Not very much. The United States certainly wants to rejoin the old Iranian nuclear deal, but they understand there's a lot of domestic pushback unless it is made tougher or at least broader in terms of how long it lasts as well as involving things like ballistic missile development where the Iranians are in abrogation of the UN security council resolutions. The Iranians are saying, "We'll come back to the JCPO as it was but nothing more." These are hard people to negotiate with. It's a hard government to negotiate with, the bureaucrats there. It took years on the final points under Obama and Kerry and that was when the secretary of state was personally involved. There is no cabinet member in the Biden administration that is personally anywhere close to as invested in getting this Iranian deal done if it's hard as Kerry was five years ago. And so, as a consequence, I think there'll be forward momentum, but I think it's going to be much slower than people expect. Now, there is a point that once you start engaging in negotiations a whole bunch of third countries that were concerned about doing anything that might be seen as gray area in terms of busting sanctions like buying Iranian crude and other sorts of goods will suddenly, you'll see more leakage. And so, the Iranians just by virtue of moving back towards the United States and people getting confident about JCPOA, they won't have another million barrels a day on the market, but you'll start to see slippage, leakage in that and that means that energy prices will start going down a bit.

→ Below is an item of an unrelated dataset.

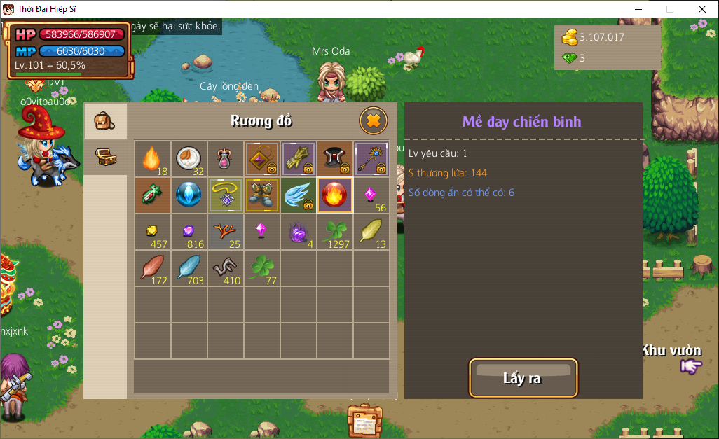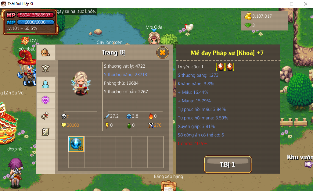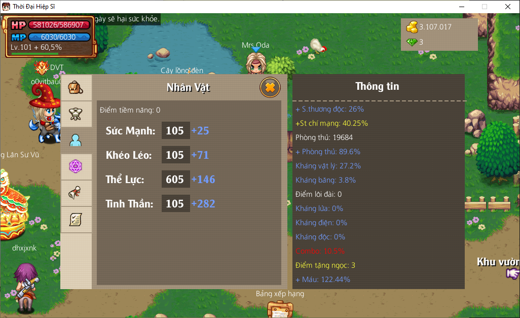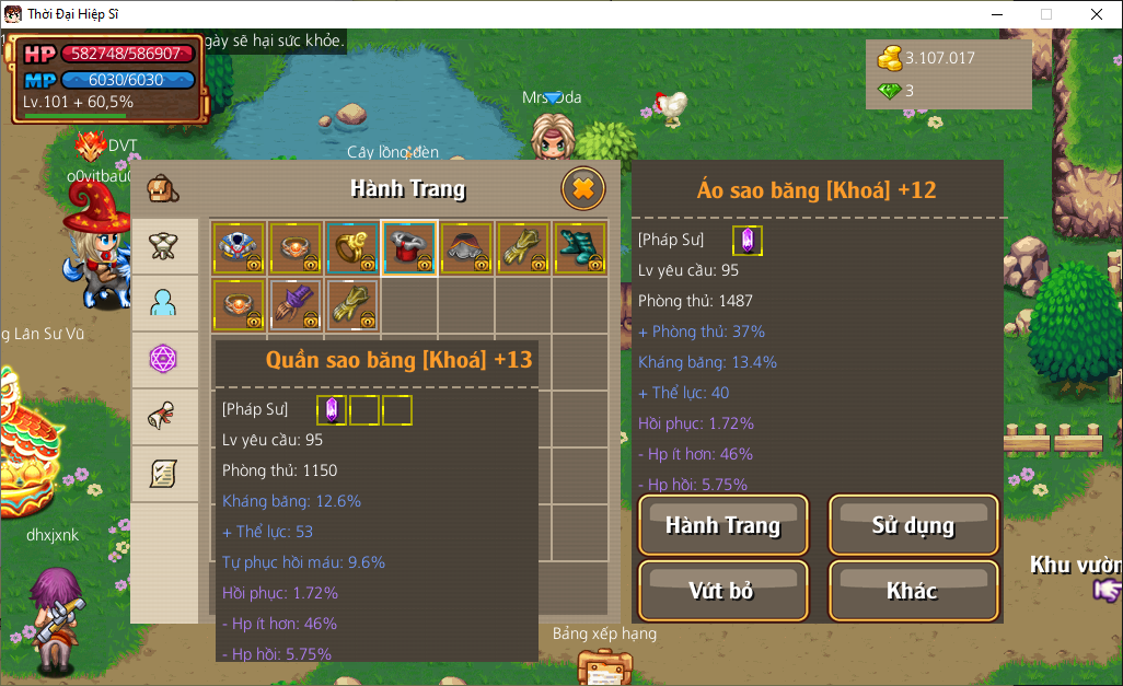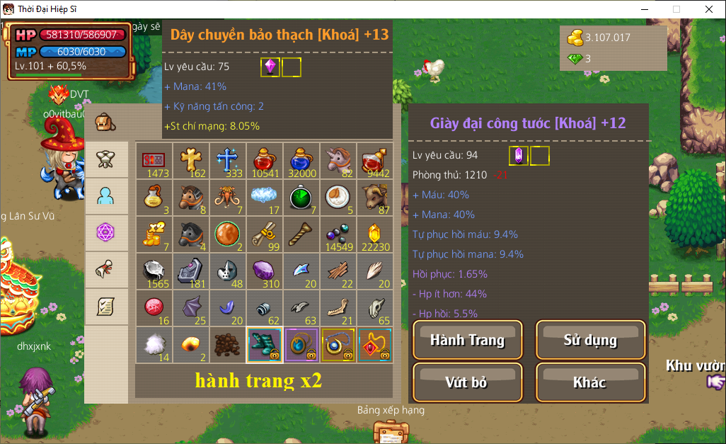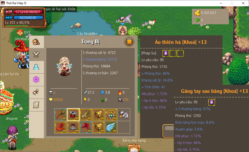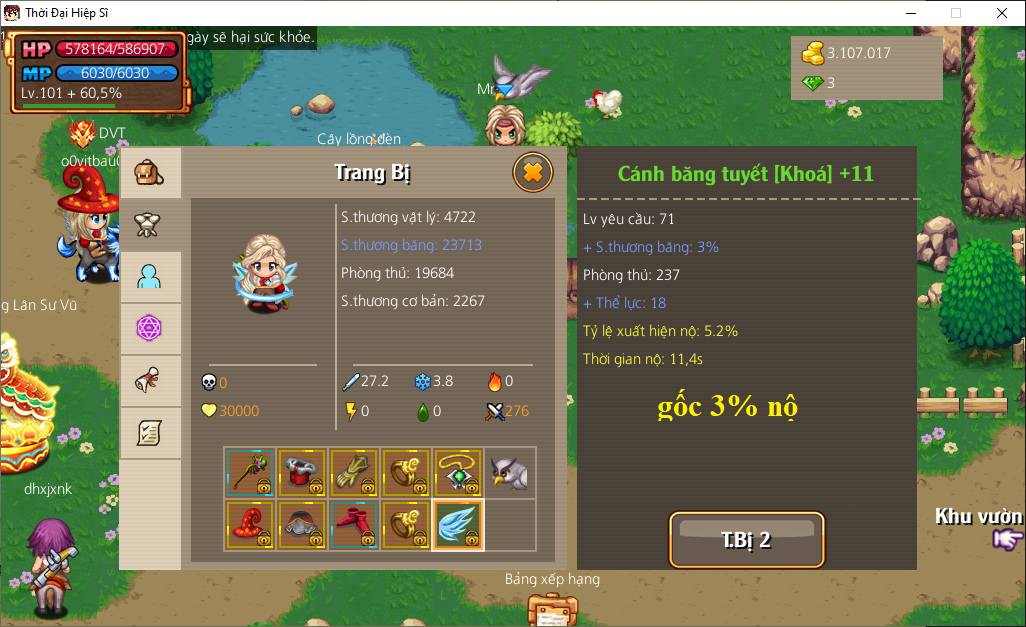 Nổi bật: Vk 12 đồ 12 13, cánh +11 5,2% nộ, 276đ ct, pet cú max 128 tl, mđ +7 % máu % hồi máu % xg, hành trang x2, 1k5 tt, tóc 100n, km 3tr1 vàng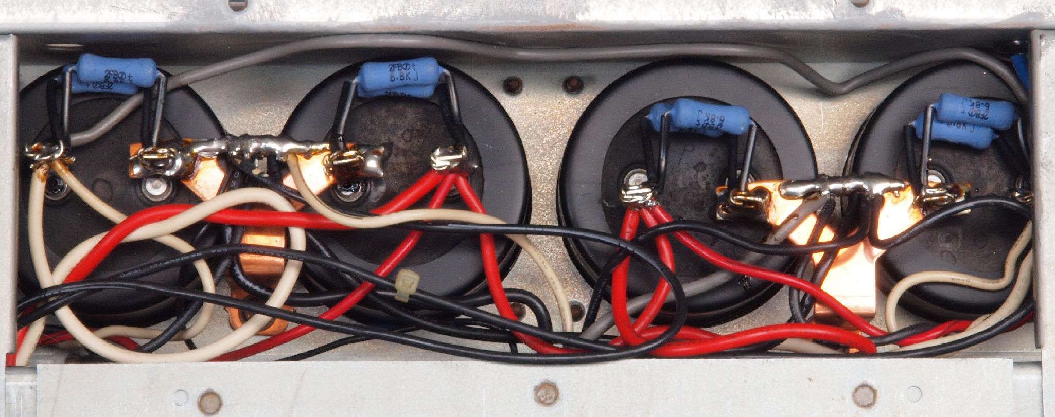 | C92. 修理後 R側前段部電源ブロック電解コンデンサー。フイルムコンデンサー2個追加。 | ||||||||||||||||||||||||

And Rush Limbaugh at 70 no longer, passed away today. What do I think?
I think that Rush Limbaugh is like a precursor to Mark Zuckerberg. He's someone that became an iconic figure by giving people what they wanted, not what they admitted they wanted but what they actually wanted, figuring out what that was and maximizing his reach and his influence as a consequence of that. Talk radio really became the force that it was in the United States because of Rush and his connection with his audience, his understanding of how the medium worked, his ability to raise extraordinary amounts of advertising revenue that had never been done in radio in a news format before that. All things that he became a unique figure and of course an entire field developed around him. And after talk radio we get cable news; we get Lou Dobbs on CNN even talking about a presidential run at some point. And then of course you get social media and now you have Mark Zuckerberg. And I think that you can draw a line directly between those two men. And I think they both caused a lot of damage internationally and certainly in terms of civil society in the United States but also on this day of Rush's passing to recognize just how well he understood the opportunity that was in front of him and how much he was able to maximize it, kind of a force for capitalism in a country that is most interested in unleashing animal spirits. And there you have it, RIP Rush Limbaugh.